Request Review of draft-baeuerle-netnews-cancel-lock
Requested revision No specific revision (document currently at 09)
Type Last Call Review
Team Security Area Directorate (secdir)
Deadline 2017-06-28
Requested 2017-05-31
Authors Michael Bäuerle
I-D last updated 2017-06-15
Completed reviews Genart Last Call review of -05 by Paul Kyzivat (diff)
Secdir Last Call review of -05 by David Mandelberg (diff)
Genart Telechat review of -06 by Paul Kyzivat (diff)
Secdir Telechat review of -06 by David Mandelberg (diff)
Opsdir Telechat review of -06 by Joel Jaeggli (diff)
Assignment Reviewer David Mandelberg
State Completed
Request Last Call review on draft-baeuerle-netnews-cancel-lock by Security Area Directorate Assigned
Reviewed revision 05 (document currently at 09)
Result Not ready
Completed 2017-06-15
review-baeuerle-netnews-cancel-lock-05-secdir-lc-mandelberg-2017-06-15-00
I have reviewed this document as part of the security directorate's
ongoing effort to review all IETF documents being processed by the IESG.
These comments were written primarily for the benefit of the  security
area directors.  Document editors and WG chairs should treat  these
comments just like any other last call comments.
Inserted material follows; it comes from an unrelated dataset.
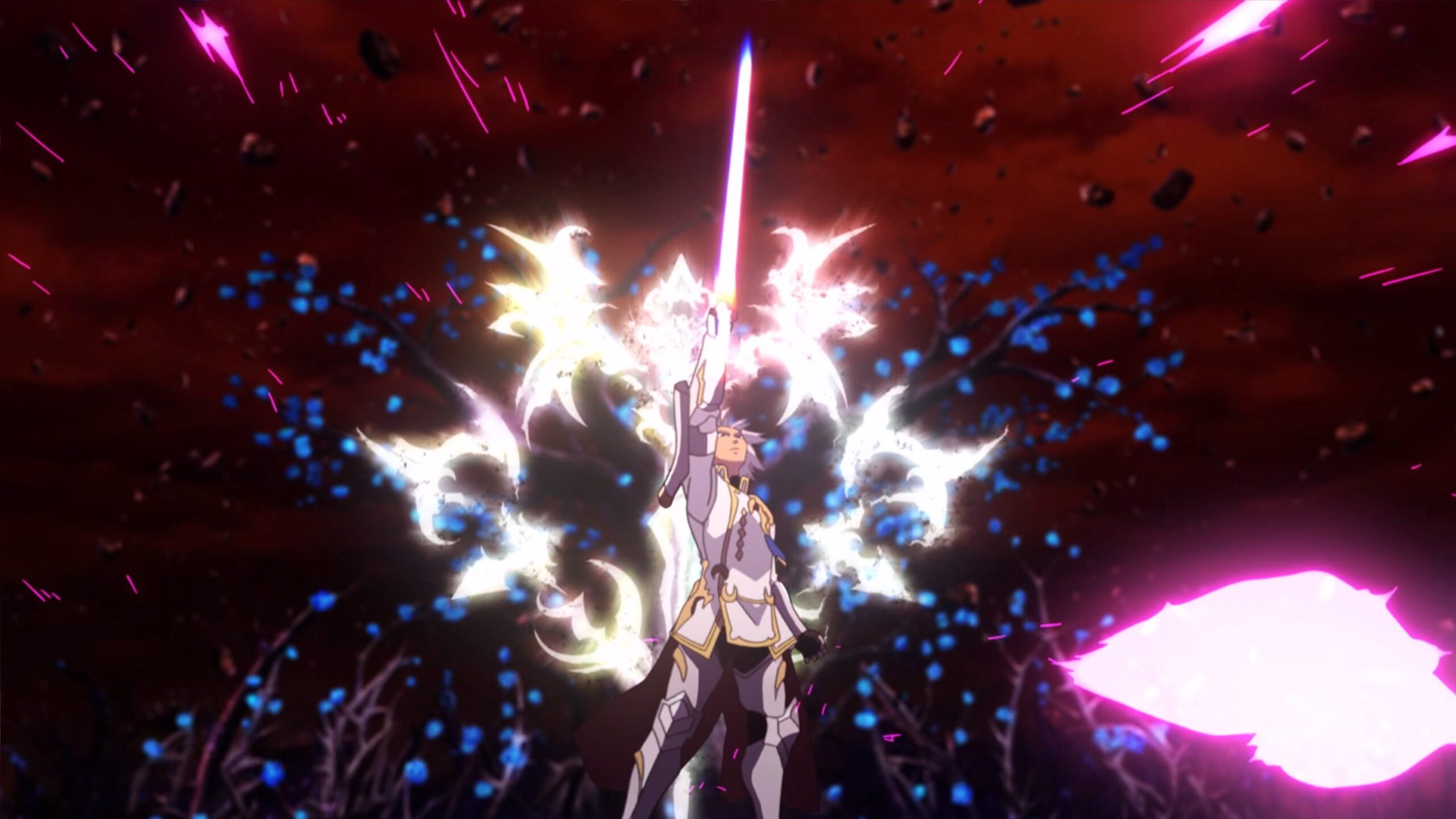 アルフェンの一撃が星霊のコアを砕くと、星霊からレナス=アルマが分離しました。アルフェンはすかさずそれを確保すると、そのままシオンと一緒に儀式を発動します。よっしゃ、これで勝った!

The summary of the review is Not ready.

The authentication in this document is single-use per article. I.e.,
once a single supersede or cancel is issued for an article, anybody can
"forge" other valid supersedes or cancels for the same article. I assume
that a cancel followed by a forged cancel is unimportant, but what about
cancel->supersede, supersede->cancel, or supersede->supersede? Also,
what about the race condition if the attacker can propagate the forgery
faster than the original propagates?

This document recommends calculating a single key K for each article
(section 4), then publishing base64(hash(base64(K))) values for multiple
different hash algorithms. This means that the preimage resistance of
the weakest hash algorithm places an upper bound on the security of the
authentication, even if the receiver ignores weaker algorithms. (An
attacker who can calculate K from the weak hash can generate valid keys
for the stronger hashes.) Additionally, while plenty of research goes
into preimage security of individual hash algorithms, I don't think as
much research goes into preimage security of multiple algorithms used in
parallel on the same input. While I don't know of any non-brute-force
attacks that can find X given sha256(X) and sha512(X), I see no reason
that it wouldn't be easier than the easiest of the two individual
preimage attacks. (I am not an expert though, there might be something
I'm missing.)

Section 4: Is it ever possible for two different (uid, mid) pairs to
have the same concatenated value? E.g., alice@example.co + mfoo and
alice@example.com + foo. If that ever happened and one of the two
articles was canceled, an attacker would be able to cancel the other
article.

Section 4: I don't understand Q1. Are you asking me if the existing
implementations are doing something insecure? (It's not specified well
enough for me to tell.)

Section 4: I think you should run any user-supplied password through a
key derivation function before using it as a MAC key.

Section 7: As I understand the terms, you care about preimage
resistance, but not second preimage. (I think preimage covers finding
any input that results in the specified output, not only the input that
originally generated the specified output. But I might be
misunderstanding the terms.)

Section 7: I don't know where the minimum key sizes come from, but they
seem a bit low to me. And for Q2, I don't know, sorry.